Created on 2022-03-16 by the reprex package (v2.0.1)

bwiernik commented 2 years ago

Awesome. Can you link to where this is implemented?

strengejacke commented 2 years ago
library(readr)
docvisit <- read_table2("C:/Users/DL/Downloads/docvisit.txt")
#> Warning: `read_table2()` was deprecated in readr 2.0.0.
#> Please use `read_table()` instead.
#> 
#> -- Column specification --------------------------------------------------------
#> cols(
#>   sex = col_double(),
#>   age = col_double(),
#>   agesq = col_double(),
#>   income = col_double(),
#>   levyplus = col_double(),
#>   freepoor = col_double(),
#>   freerepa = col_double(),
#>   illness = col_double(),
#>   actdays = col_double(),
#>   hscore = col_double(),
#>   chcond1 = col_double(),
#>   chcond2 = col_double(),
#>   doctorco = col_double(),
#>   nondocco = col_double(),
#>   hospadmi = col_double(),
#>   hospad = col_double(),
#>   medicine = col_double(),
#>   prescrib = col_double(),
#>   nonpresc = col_double()
#> )

library(glmmTMB)
#> Warning: package 'glmmTMB' was built under R version 4.1.3
library(performance)

mp <- glmmTMB(
  doctorco ~ sex + illness + income + hscore, 
  data = docvisit,
  family = poisson()
)
plot(check_overdispersion(mp))
#> `geom_smooth()` using method = 'gam' and formula 'y ~ s(x, bs = "cs")'
#> `geom_smooth()` using method = 'gam' and formula 'y ~ s(x, bs = "cs")'

mnb <- glmmTMB(
  doctorco ~ sex + illness + income + hscore, 
  data = docvisit,
  family = nbinom2()
)
plot(check_overdispersion(mnb))
#> `geom_smooth()` using method = 'gam' and formula 'y ~ s(x, bs = "cs")'
#> `geom_smooth()` using method = 'gam' and formula 'y ~ s(x, bs = "cs")'

mzip <- glmmTMB(
  doctorco ~ sex + illness + income + hscore, 
  ziformula = ~ age,
  data = docvisit,
  family = poisson()
)
plot(check_overdispersion(mzip))
#> Warning: Cannot test for overdispersion, because pearson residuals are not implemented
#>   for models with zero-inflation or variable dispersion.
#>   Only the visual inspection using 'plot(check_overdispersion(model))' is
#>   possible.
#> `geom_smooth()` using method = 'gam' and formula 'y ~ s(x, bs = "cs")'
#> `geom_smooth()` using method = 'gam' and formula 'y ~ s(x, bs = "cs")'

mzinb <- glmmTMB(
  doctorco ~ sex + illness + income + hscore,
  ziformula = ~ age,
  data = docvisit,
  family = nbinom2()
)
plot(check_overdispersion(mzinb))
#> Warning: Cannot test for overdispersion, because pearson residuals are not implemented
#>   for models with zero-inflation or variable dispersion.
#>   Only the visual inspection using 'plot(check_overdispersion(model))' is
#>   possible.
#> `geom_smooth()` using method = 'gam' and formula 'y ~ s(x, bs = "cs")'
#> `geom_smooth()` using method = 'gam' and formula 'y ~ s(x, bs = "cs")'

mzinbd <- glmmTMB(
  doctorco ~ sex + illness + income + hscore + age,
  ziformula = ~ sex + illness + income + hscore + age,
  dispformula = ~ sex + illness + income + hscore + age,
  data = docvisit,
  family = nbinom2()
)
plot(check_overdispersion(mzinbd))
#> Warning: Cannot test for overdispersion, because pearson residuals are not implemented
#>   for models with zero-inflation or variable dispersion.
#>   Only the visual inspection using 'plot(check_overdispersion(model))' is
#>   possible.
#> `geom_smooth()` using method = 'gam' and formula 'y ~ s(x, bs = "cs")'
#> `geom_smooth()` using method = 'gam' and formula 'y ~ s(x, bs = "cs")'

Created on 2022-03-16 by the reprex package (v2.0.1)

strengejacke commented 2 years ago

Awesome.
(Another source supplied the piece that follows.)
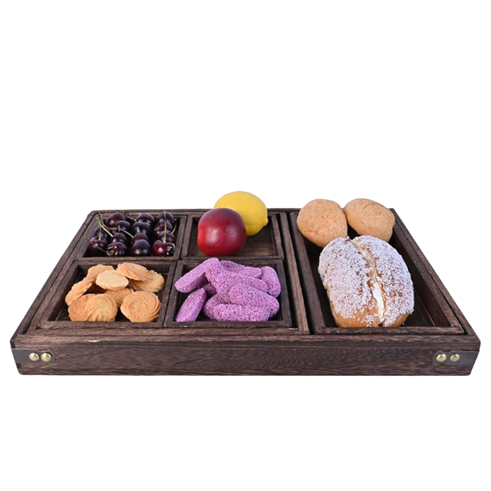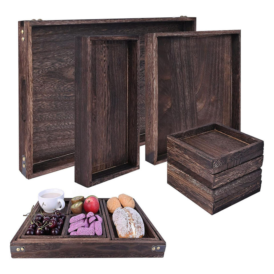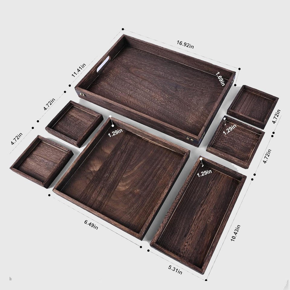 Nom du produit:Plateaux de service en bois de manguier avec poignées l lot de 7

Can you link to where this is implemented?

This works for check_model(), not yet for plot() (because it requires the forthcoming update from see on CRAN). I'll commit the latest changes to working PR branches, so you can reproduce the plots above.
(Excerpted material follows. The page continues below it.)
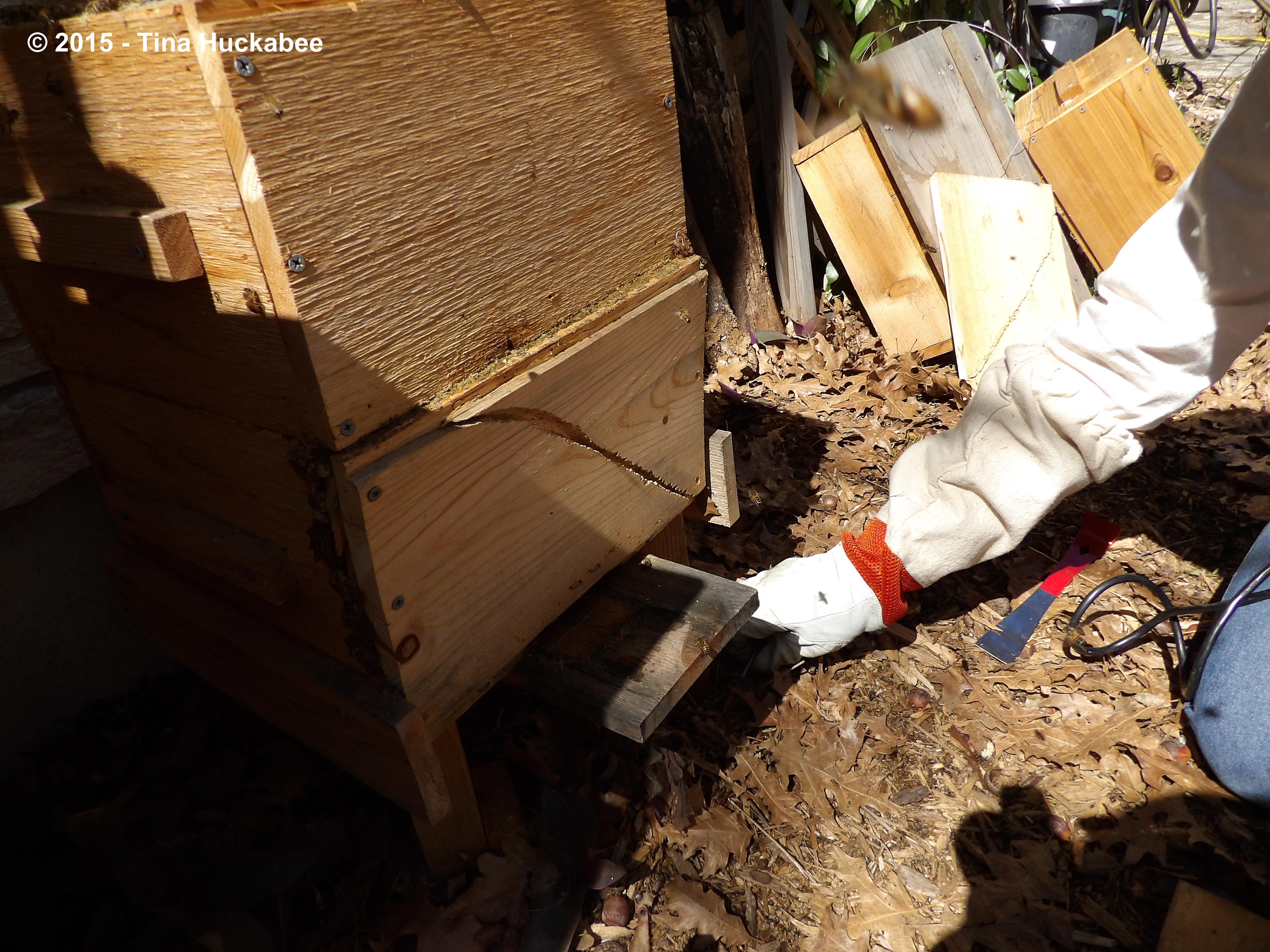 As the hive was two years old before we hived our honeybees a year ago, the wood is now three years old and has been out in the elements for a bit of that time; it’s showing some wear. The hive is made of cedar, which weathers beautifully, but the wood piece in question, a practice piece of sorts, is pine and damage and warped. It began to pull away from the box above it, potentially exposing the inside of Scar’s hive. If not for the dutiful and exact work of the bees to seal any openings with propolis and my stuffing the on again/off again emerging crack with comb that we’ve harvested, our little Scar bees wouldn’t have been as cozy and safe in their hive during the last part of winter.

strengejacke commented 2 years ago

Ok, you need the latest insight from GitHub/r-universe, performance from this PR (https://github.com/easystats/performance/pull/404), and latest see from GitHub / r-universe. Then, the above examples work. If you install performance from master instead of PR, "only" the check_model() including overdispersion plots work.
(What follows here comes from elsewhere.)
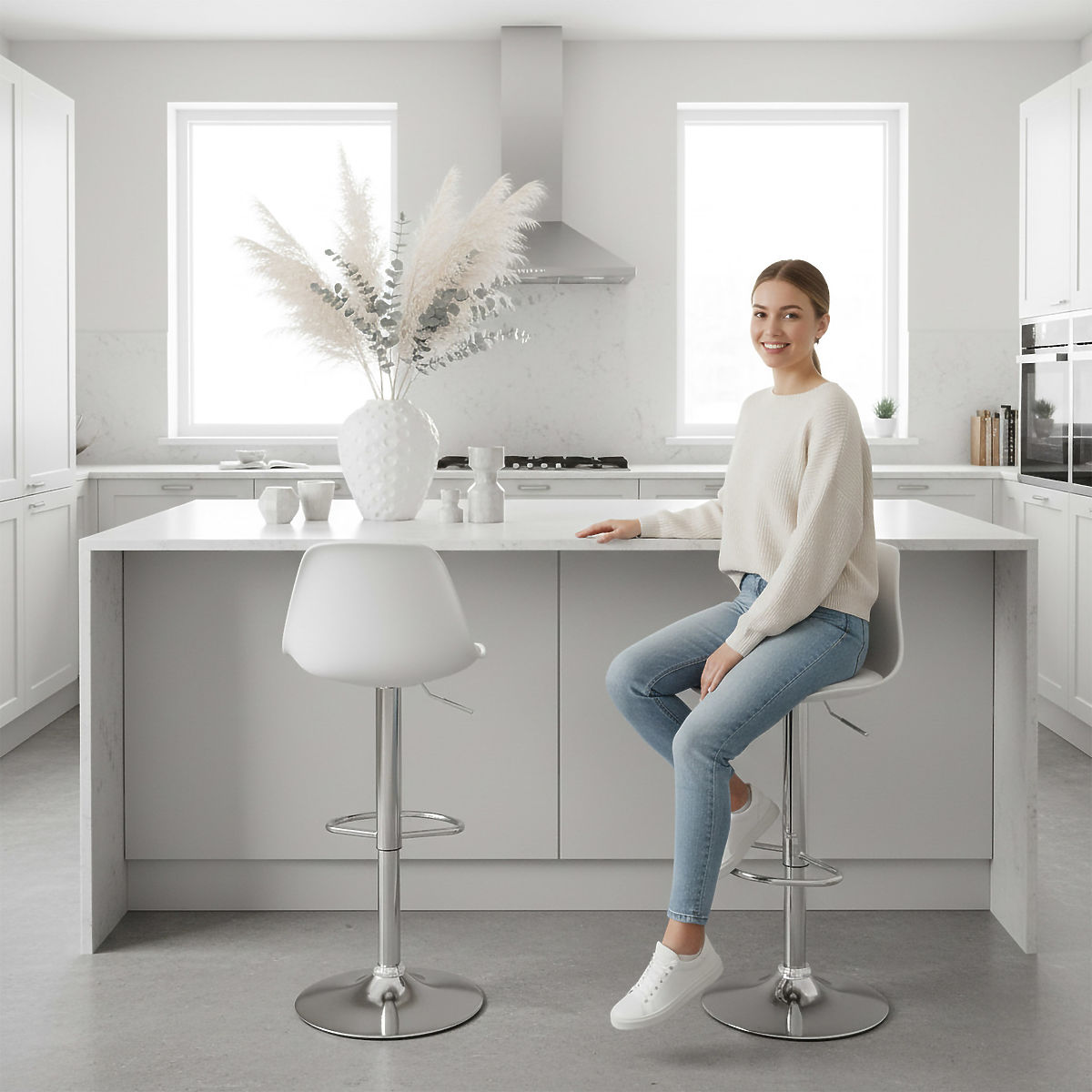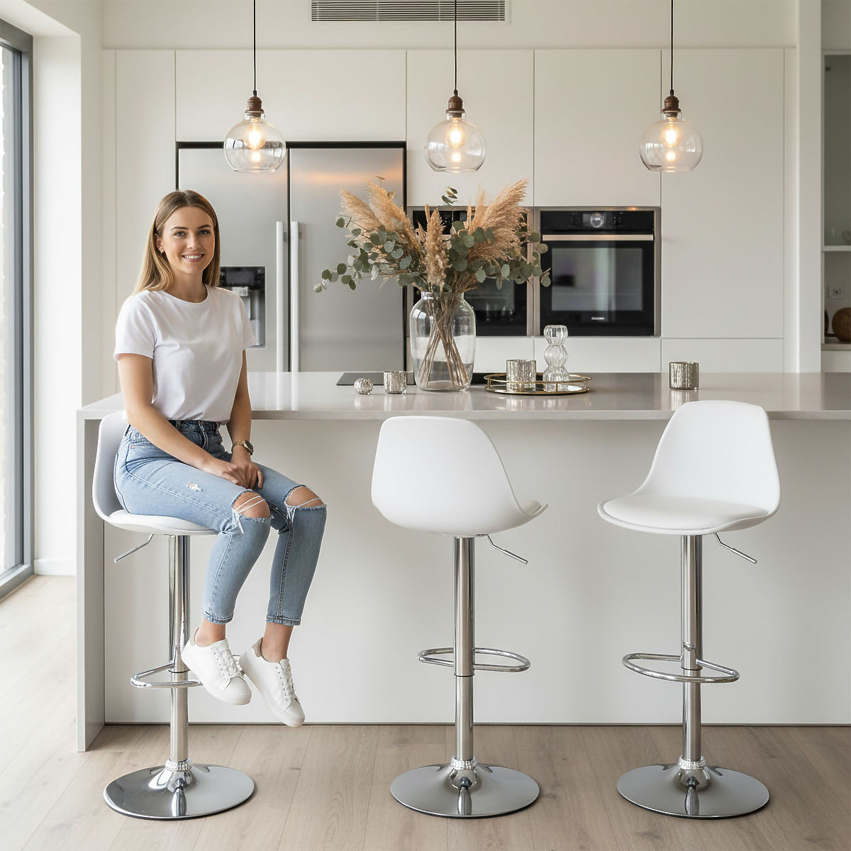 The Ricardo bar stool is the perfect combination of style and practicality. Its modern design brings elegance to any interior, and features like a swivel seat and adjustable height ensure comfort during use. It fits perfectly in the kitchen, suitable for use at counters, bars, or kitchen islands. The stable, chrome-plated construction and easy maintenance ensure it meets the expectations of even the most demanding individuals.

strengejacke commented 2 years ago

In future versions, we'll be able to have both plot-types for overdispersion...

library(glmmTMB)
library(performance)
data("Salamanders")
m <- glmmTMB(
  count ~ mined + spp + (1 | site),
  family = poisson,
  data = Salamanders
)
check_model(m)

check_model(m, plot_type = 2)

DominiqueMakowski commented 2 years ago

This design is somewhat a bit at odds with our traditional opinionated API, rather than having different plot_types, I'd just pick one version which we think it's the best and stick with it (until the next improvement)... or, if they show different stuff, have the two overdispersion plots side by side in the corner (subplots)?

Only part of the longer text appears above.